Pat Turco and her daughter, Kathy, just came back from a conference in Florida with the people who organize the annual HEART youth workcamps. The mother-daughter duo takes charge of chaperoning St. John’s youth when they attend the service camp and host teens from other states that come to the area. The organization sends a staff team to conduct the camp. Kathy is the local manager and the local site the last few years has been in Mishawaka.
After a hard day’s work in the community the kids have dinner at 5 p.m. and it’s always served cafeteria-style. Turco said she was inspired to pass out napkins.
“It’s really a nothing job,” she said. “But I decided to pass out napkins so the kids have to come to me and they don’t get a napkin unless they smile at me. So, I’m the napkin lady and by the end of the week I have these kids right where I want them.”
She said volunteering at the HEART workcamp “is the most beautiful thing God has ever had me witness. You can see them grow (spiritually) through the week and it’s the most beautiful thing. I’m blown away, absolutely blown away by these kids.”
Elder Care, too
But Turco doesn’t only take care of youth. As an LPN she worked in a local nursing home. “It was a wonderful time. I enjoyed taking care of the people,” she recalled. “When I put people to bed I’d ask if they wanted me to pray with them and would pray with the ones who wanted to. I think that brought me closer to them. “
Now, along with Kathy, she’s been helping to care for a senior autistic parishioner — an uncle to the music director’s wife.
“These things just pop up. I didn’t go to Becky (Royal) and say I want to take care of him. Becky heard of my experience and asked if we’d take him out to lunch,” she said.
She said Becky warned her that Uncle Jim Brownell wouldn’t go to church. Undaunted, Turco would say, “This is where Becky’s husband plays organ; you have to come in and listen.” Or she’d ask, “Would you like to go in and talk to Jesus? Whenever you want to leave; we’ll leave. We’ll walk right back out.”
At first he fell asleep, but after about a year he met with Father Christopher Smith, who was pastor at the time and after receiving Reconciliation, he was baptized.
“If you treat people with respect that’s the name of the game, no matter how old or how challenged they are,” she said. “You don’t take them down a rosy path. Take them where they are, walk with them and go from there.”

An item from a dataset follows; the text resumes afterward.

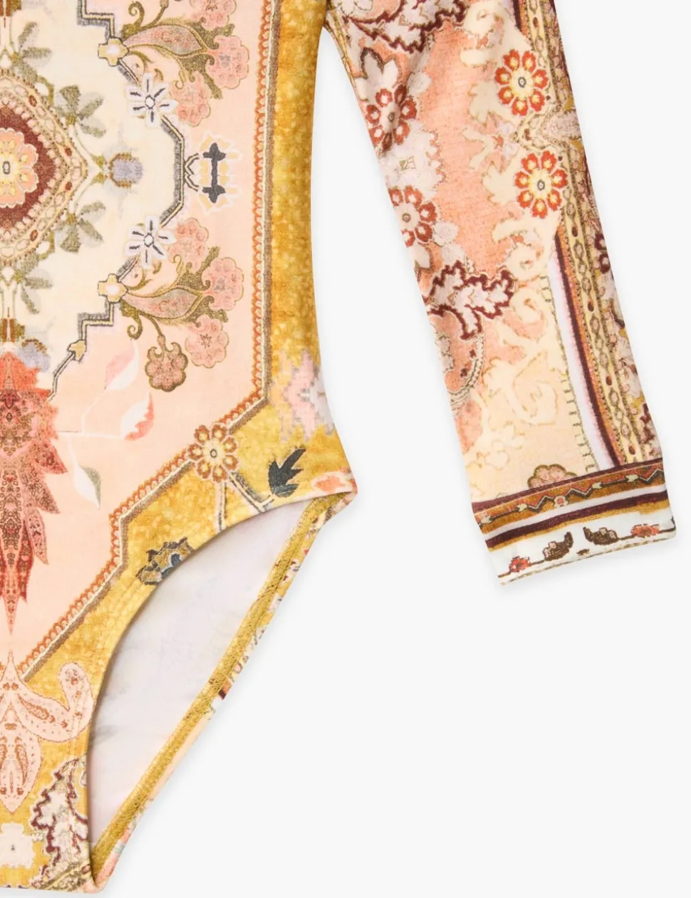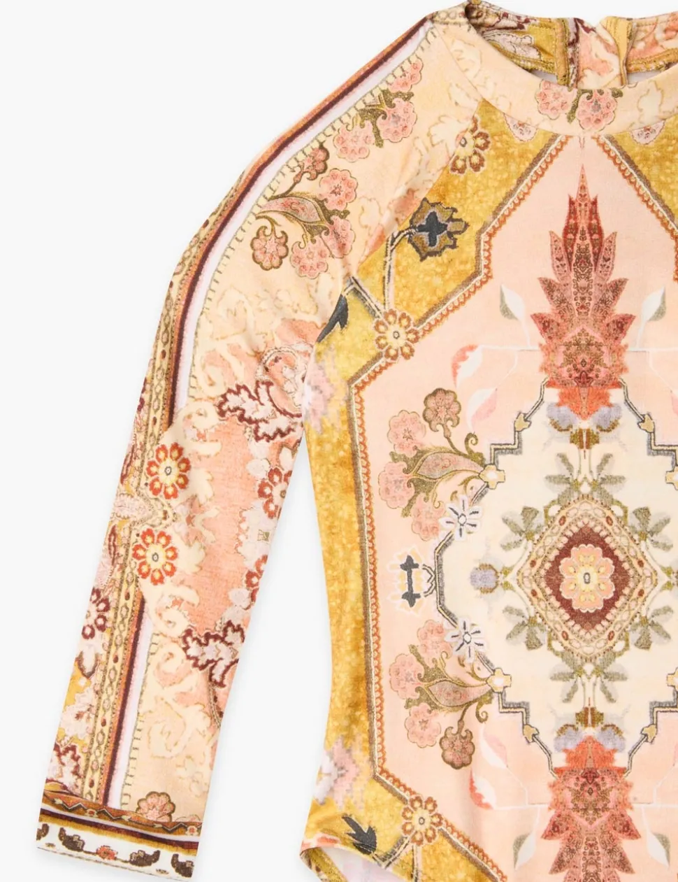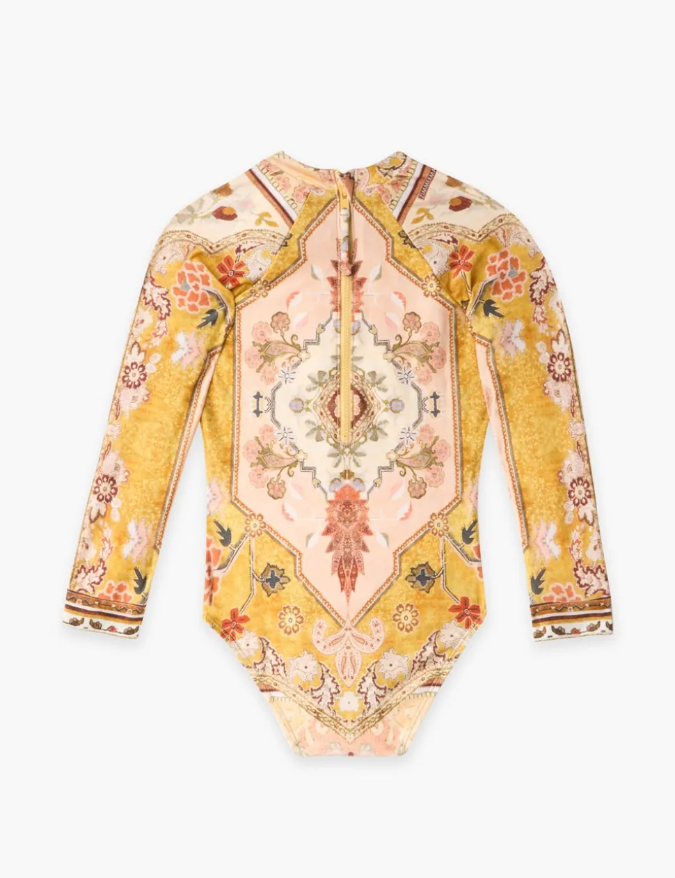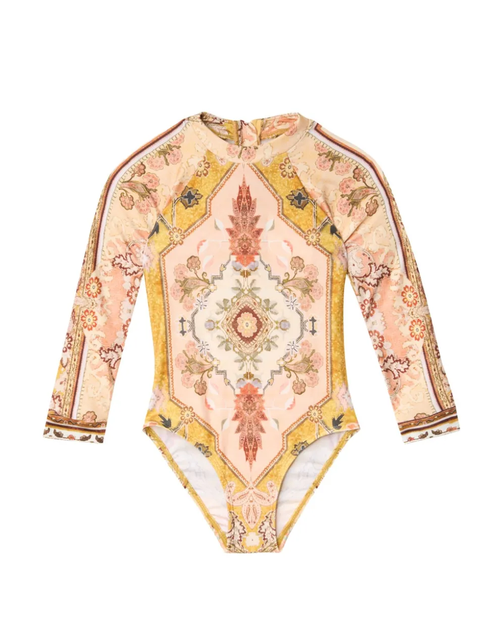 The Wylie Long Sleeve 1PC in Mustard Multi from our Resort Swim 2025 Kids Collection. A long sleeve one piece featuring a high neck and centre back zip.

A cancer survivor, Turco is a member of a group called Heartstrings Sisters, a support organization for those going through cancer. She also volunteers at the Center for Healing and Hope, an organization for those who don’t have a doctor or insurance.
She used to bring Eucharist to the homebound and she’s a proclaimer of the Word.
“I feel the Lord puts you where He feels you can do the most good and puts you in situations so He can help you, too,” Turco said.
“I’m a very happy person,” she said. “And smart enough to know that God is in control.”